Some proposals to fix it:

a) My alternative chk_index outlined in
doc/developers/improved_chk_index.txt.

This gets rid of the explicitly paged and compressed content, switching
to binary data that is already well compacted. It also could use some
collision avoidance properties to shrink the index even further. Without
that, I would estimate the size-on-disk is actually going to be about
the same, but if we can improve the number of bytes processed, that
would still be a win.

b) Extend my 'split-pack' work. I have some code that changes how
autopack and 'bzr pack' works, so that it clusters recent content
together, and then old content second. An extension to that is to
actually have that content in 2 separate pack files. This would mean
that when accessing recent content, it is mostly those 50k keys that you
actually care about, and not the 650k keys you don't.
This could actually benefit us in a lot of ways (you would rarely have
to page in any of the old pack's contents.)
In real-world repositories, it will actually tend towards this, since
new content continually gets added, and old content will sit in the old
pack file.
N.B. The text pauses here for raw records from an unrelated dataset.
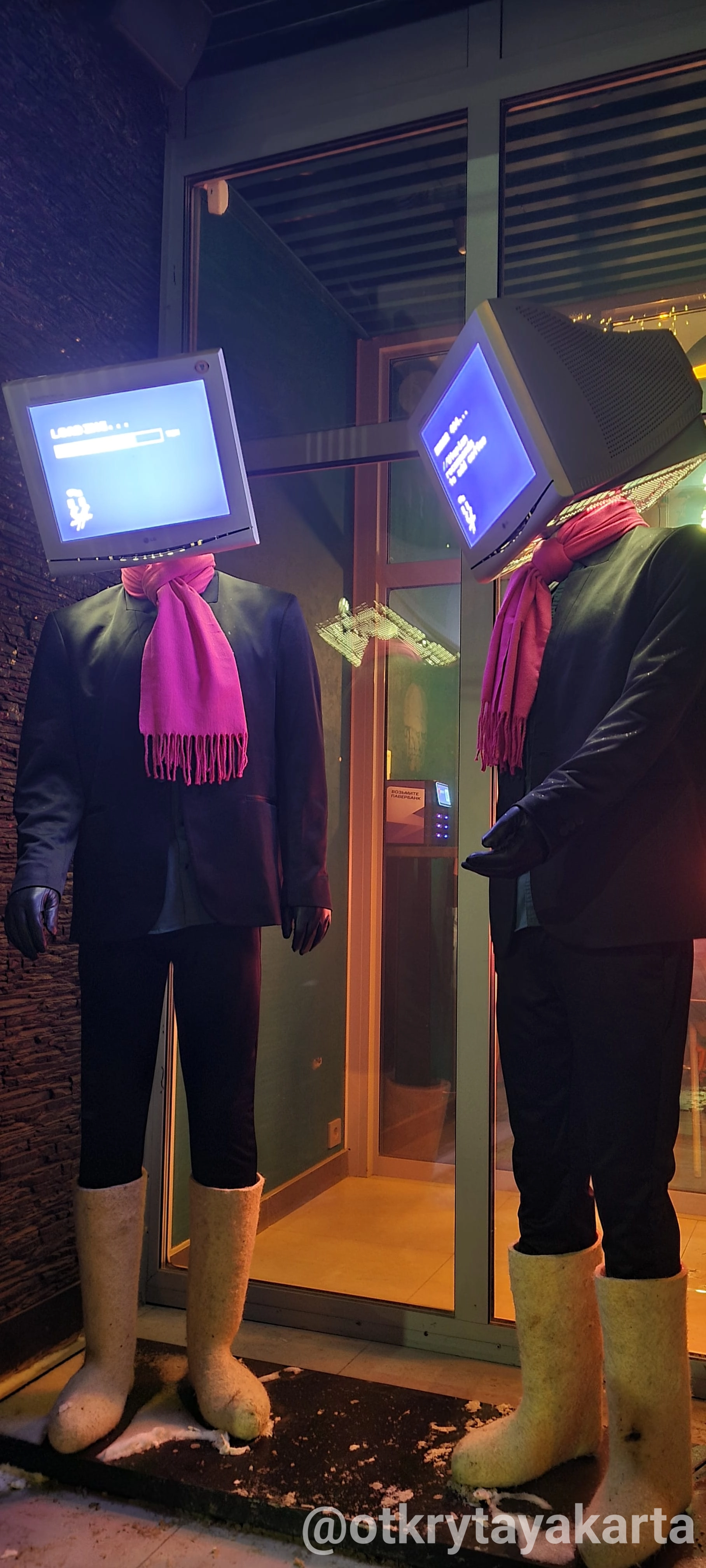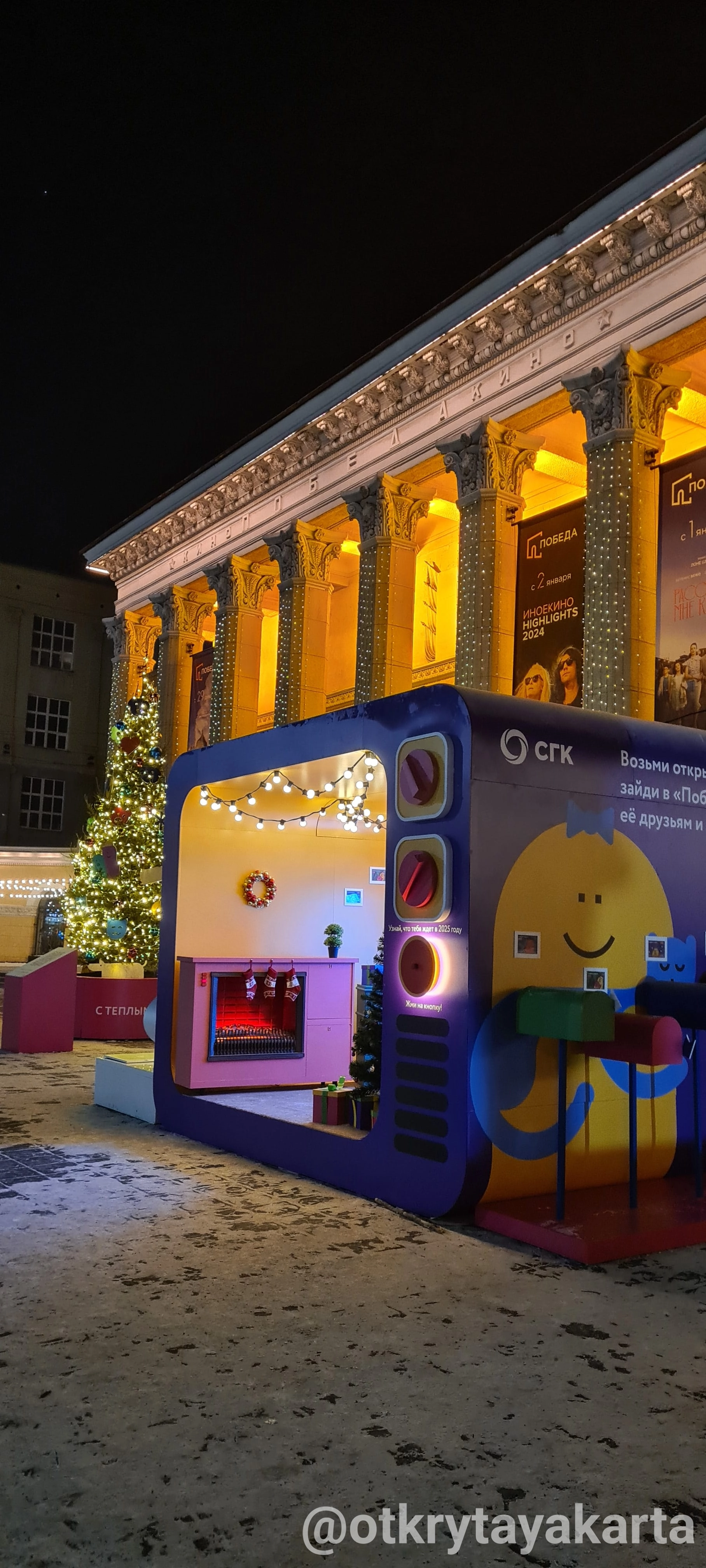 К 2025 году готовились ещё лучше и интереснее. И появилась мода на гигантские косички. Хочу заметить, что сушек и матрёшек не было видно ни у кого. А СГК уже думал о людях не только как о зрителях, но и как о гостях, устраивая фотозоны с подогревом и бесплатные почтовые поздравления. В домике-телевизоре даже диван стоял и ковер на стене висел.
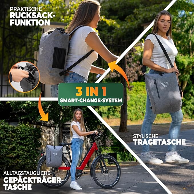 Grâce à sa conception innovante, vous pouvez utiliser ce sac exactement comme vous le souhaitez : comme sac à vélo pour le porte-bagages, comme sac à dos lors de vos promenades ou comme sac à bandoulière lors de vos déplacements. Idéal pour les trajets domicile-travail, les sorties ou les déplacements quotidiens en ville.
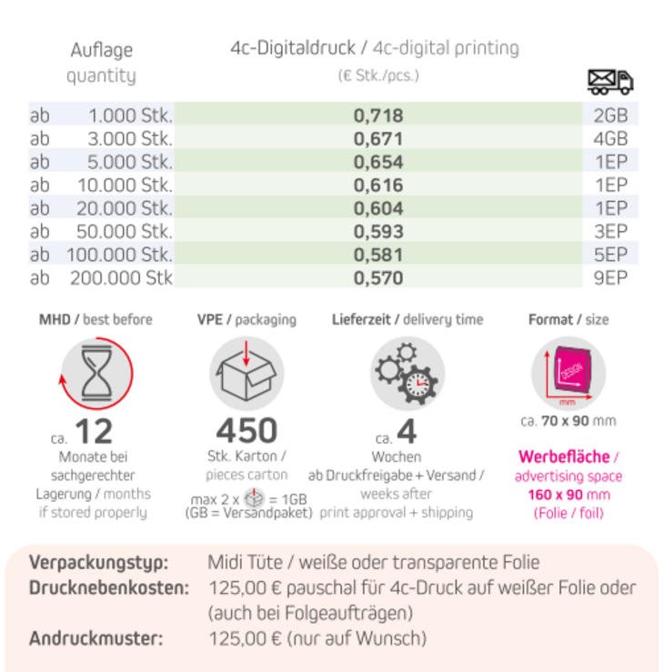 Inhalt: Zutaten Bio Gewürzmischung Alleskönner: Steinsalz, Tomaten*, Zitronenschale*, Pfeffer*, Zwiebeln*, Paprika*, Knoblauch*, Thymian*, Rosmarin*, Basilikum*, Lavendel*; *aus kontrolliert biologischem Anbau. (Artikel: MF-02611)Inhalt: Zutaten Bio Gewürzmischung Feuer und Flamme: Steinsalz, Chili*, Pfeffer*, Paprika*, Knoblauch*; *aus kontrolliert biologischem Anbau. (Artikel: MF-02612)Verpackungstyp: Midi-Tüte/ weiße FolieFormat: 70 x 90 mmDruck: 4c-DigitaldruckWerbefläche: 160 x 90 mm Lieferzeit: ca. 4 Wochen ab Druckfreigabe + VersandMindestmenge: 1.000 Stk.Haltbarkeit: ca. 12 Monate bei sachgerechter Lagerung oder ca. 10 Monate bei sachgerechter Lagerung in Bio-FolieVerpackung: 300 Stück / Karton
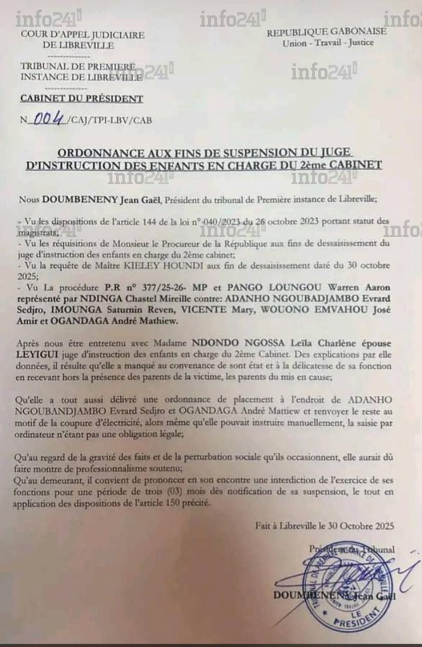 Mais l’affaire a pris un tournant inattendu ce jeudi 30 octobre, avec la suspension de la juge d’instruction en charge du dossier, Leïla Charlène Ndondo Ngossa Leyigui. Selon une ordonnance signée du président du tribunal de première instance de Libreville, Jean Gaël Doumbeneny, la magistrate a été dessaisie du dossier et suspendue pour une durée de trois mois. Elle est acusée dans l’opinion de favoritisme envers les auteurs de faits. Leurs parents étaient soit des hommes d’affaires, des hauts gradés de la police etc.
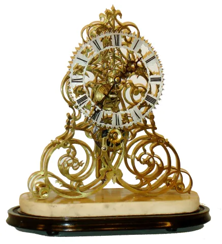 English, single fusee skeleton timepiece, in an extra fancy scrolling frame, with pierced silvered dial and glass dome, c1870 clock is mounted to a piece of marble, now resting on a shaped wooden base with old glass dome. The clock is clean and running. Dome is good with no cracks. Movement has a 6 spoke hour wheel, however train wheels are 4 spoke; motion gears are not spoked. Although this is a known frame, it is not pictured in our skeleton literature [Roberts nor Royer-Collard]. Ht of frame = 14", overall ht = 18"
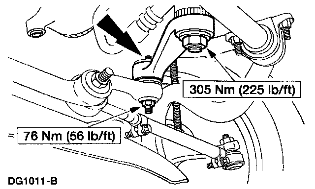 2. Install the steering gear sector shaft arm onto the steering sector shaft arm drag link. Install the nut and a new lock nut.
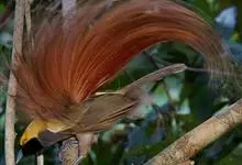 大极乐鸟是极乐鸟属中最大的鸟种。成年雄鸟体长可达到43厘米,雌性可达35厘米。雄鸟的额、颊、喉等墨绿色;头、颈黄色;上体暗赤栗色;腹部葡萄红色,胁部有长饰羽,其基部橙黄,中部黄色,…全部>>
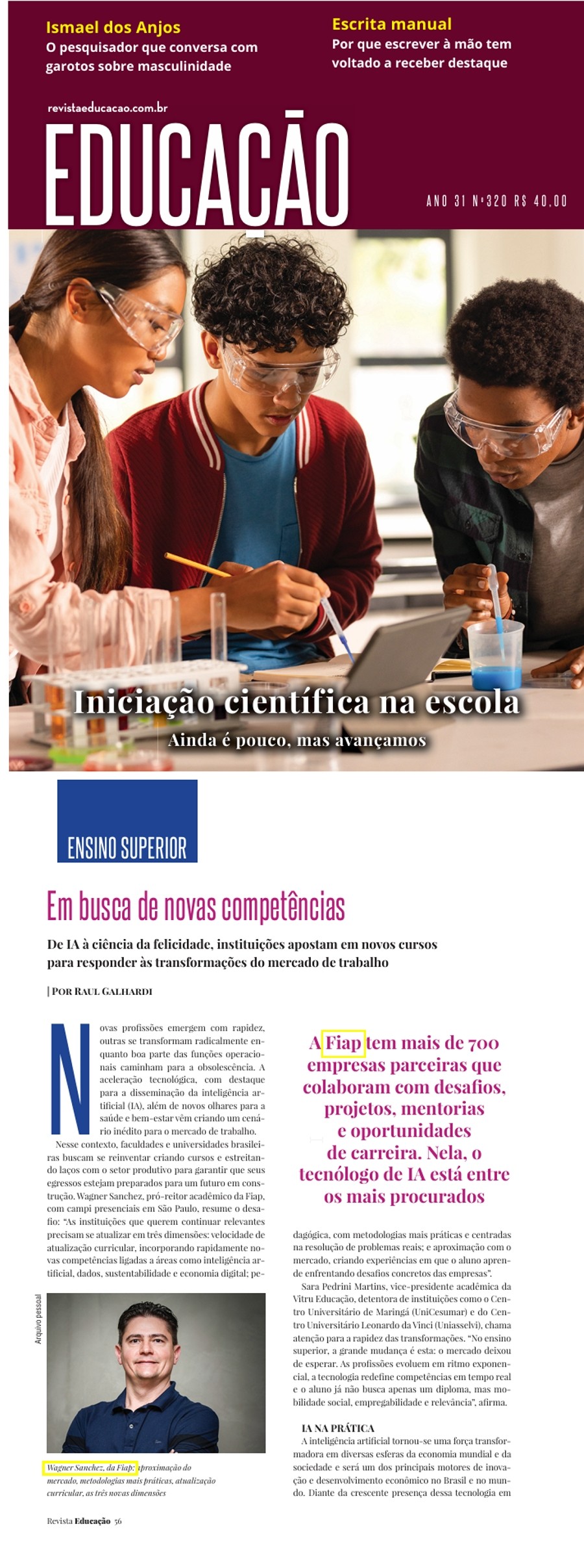 Wagner Sanchez, pró-reitor do Centro Universitário FIAP, foi entrevistado pela Revista Educação. Matéria publicada na edição n°320, seção Ensino Superior, páginas 56 a 58.
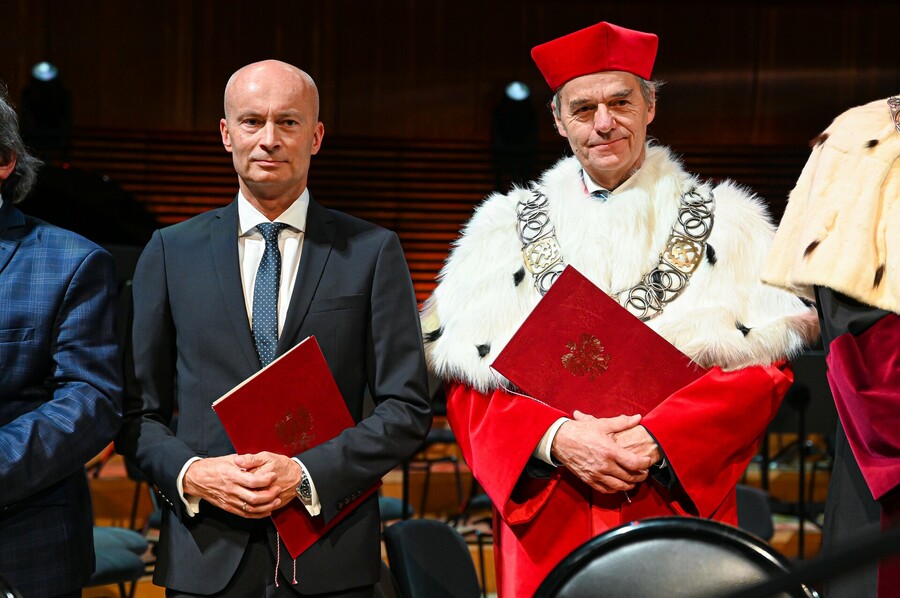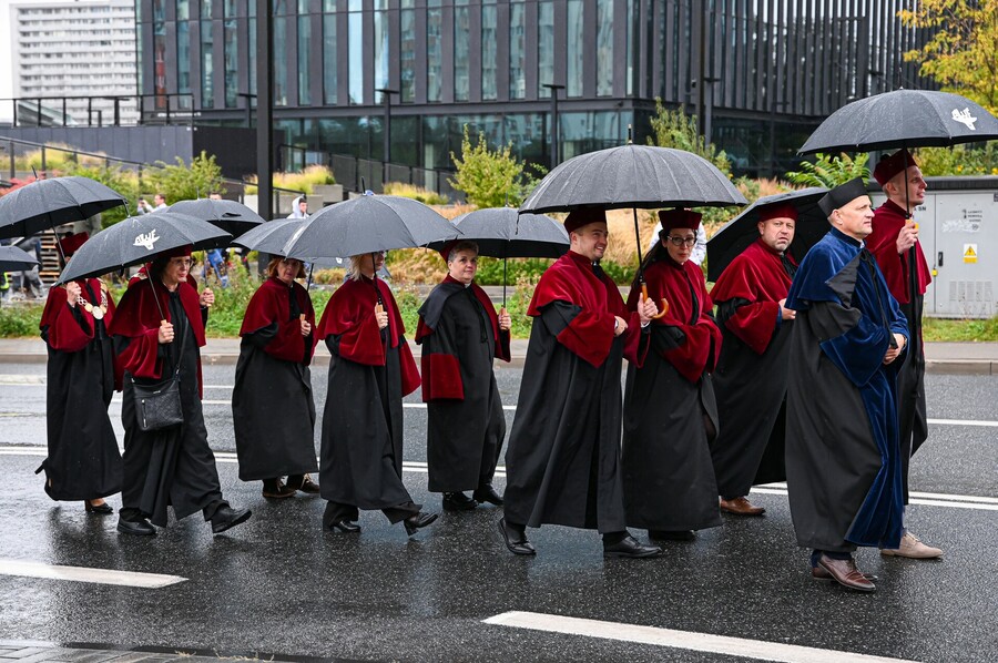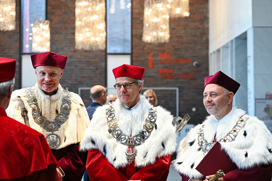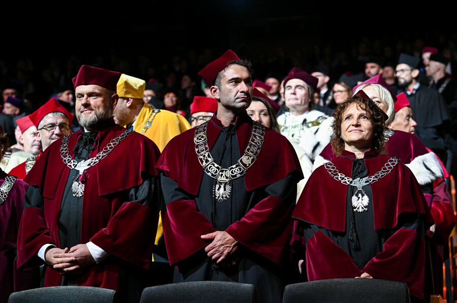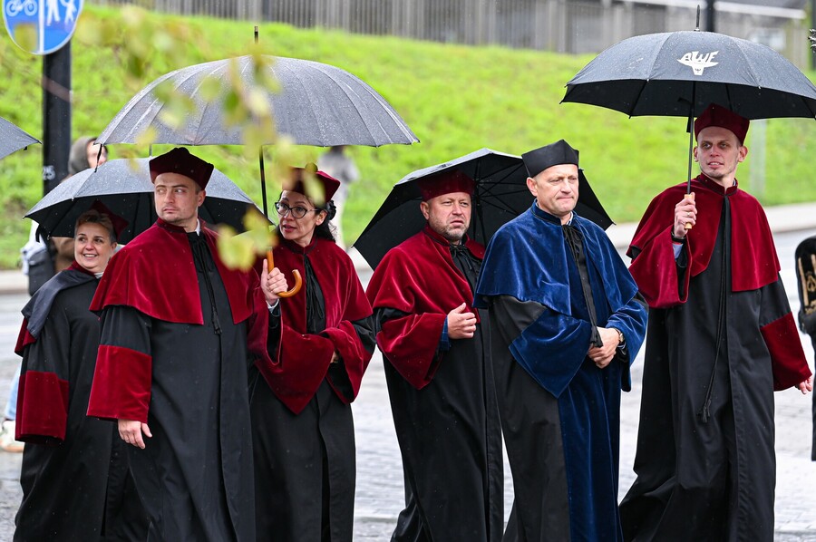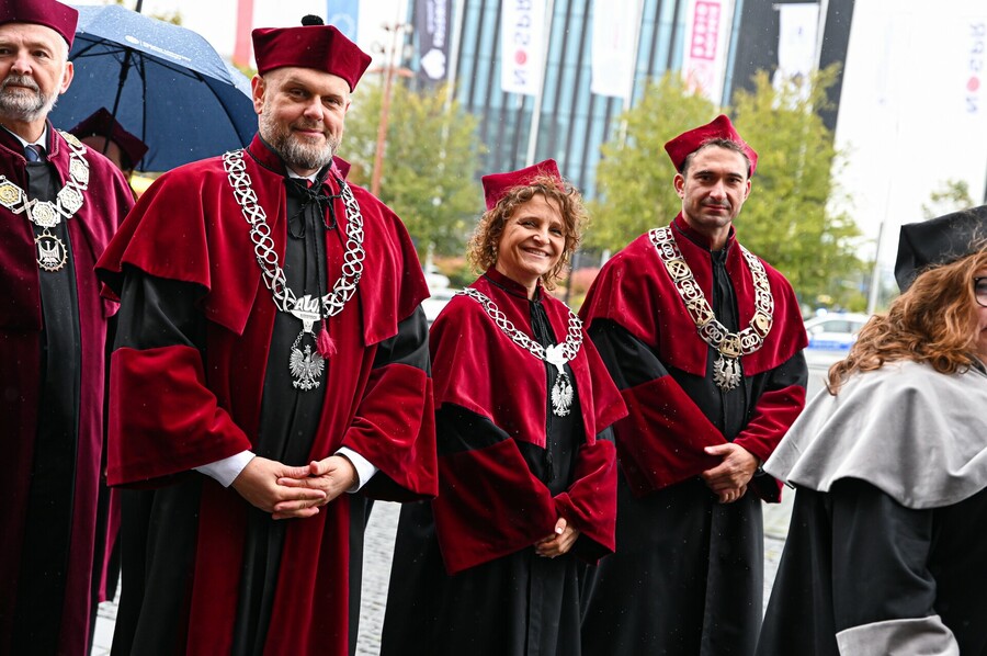 W wyjątkowej atmosferze odbyła się Międzyuczelniana Inauguracja Roku Akademickiego 2025/2026 w Katowicach. Choć główna część jednego z najważniejszych wydarzeń dla śląskich uczelni publicznych rozpoczęła się o godz. 16:00 w sali koncertowej Narodowej Orkiestry Symfonicznej Polskiego Radia, już od samego rana na wszystkich uczestników czekała moc atrakcji w miasteczku naukowym na katowickim Rynku. Każda z uczelni Konsorcjum Akademickiego – Katowice Miasto Nauki przygotowała własne stoisko z licznymi pokazami i warsztatami naukowymi. Akademia Wychowania Fizycznego im. Jerzego Kukuczki zaoferowała na swoim stanowisku możliwość wykonania szybkich i bezpiecznych testów zdrowia oraz siły (oceny składu ciała, BMI, nawodnienia, wieku metabolicznego, siły mięśni). Otrzymane wyniki można było skonsultować z ekspertami AWF, przy okazji uzyskując praktyczne wskazówki, jak zadbać o kondycję, zdrowie i dobre samopoczucie. Ponadto na uczestników wydarzenia czekały stanowiska Sieci Badawczej Łukasiewicz – Instytutu Sztucznej Inteligencji i Cyberbezpieczeństwa, atrakcje przygotowane przez Polskie Radio Katowice, a także mobilna scena Miasta Nauki, a w jej ramach debaty oraz wykłady popularnonaukowe. Na kilka godzin serce Miasta przeistoczyło się w jedyną w swoim rodzaju przestrzeń inspirujących spotkań z nauką. Zwieńczeniem tej części akademickiego święta były występy artystyczne zespołów akademickich oraz tradycyjny przemarsz orszaków rektorskich ulicami Katowic w kierunku siedziby Narodowej Orkiestry Symfonicznej Polskiego Radia, gdzie miała miejsce oficjalna część uroczystości.

Except:
  i) Initial creation grabs everything at once
  ii) Some files won't be touched often, so they will stay in the 'old'
      set. While new files may be touch many times (say 10-50) and
      clutter the 'new' packs with what is really now old data.

c) If we just want to decrease memory, we could have a parameter on
BTreeGraphIndex as to what type of _LeafNode class it could use. Right
now we are averaging 234 bytes /  entry in all of the in-memory structures.
  i) A custom Pyrex class that uses C structs and minimal content. I
     believe I worked it out to be
	20 + 8 + 4 + 4 + 4 = 40 bytes / record
  ii) Just hold the btree content as a string, and pull out the record
      you care about. Our string representation is not fixed width, but
      averages around 74-76 bytes / record.
      You could probably add a mini-index with 1 short integer (pages
      are always going to be <64k long) defining the start of each
      record, which only adds 2 bytes / record.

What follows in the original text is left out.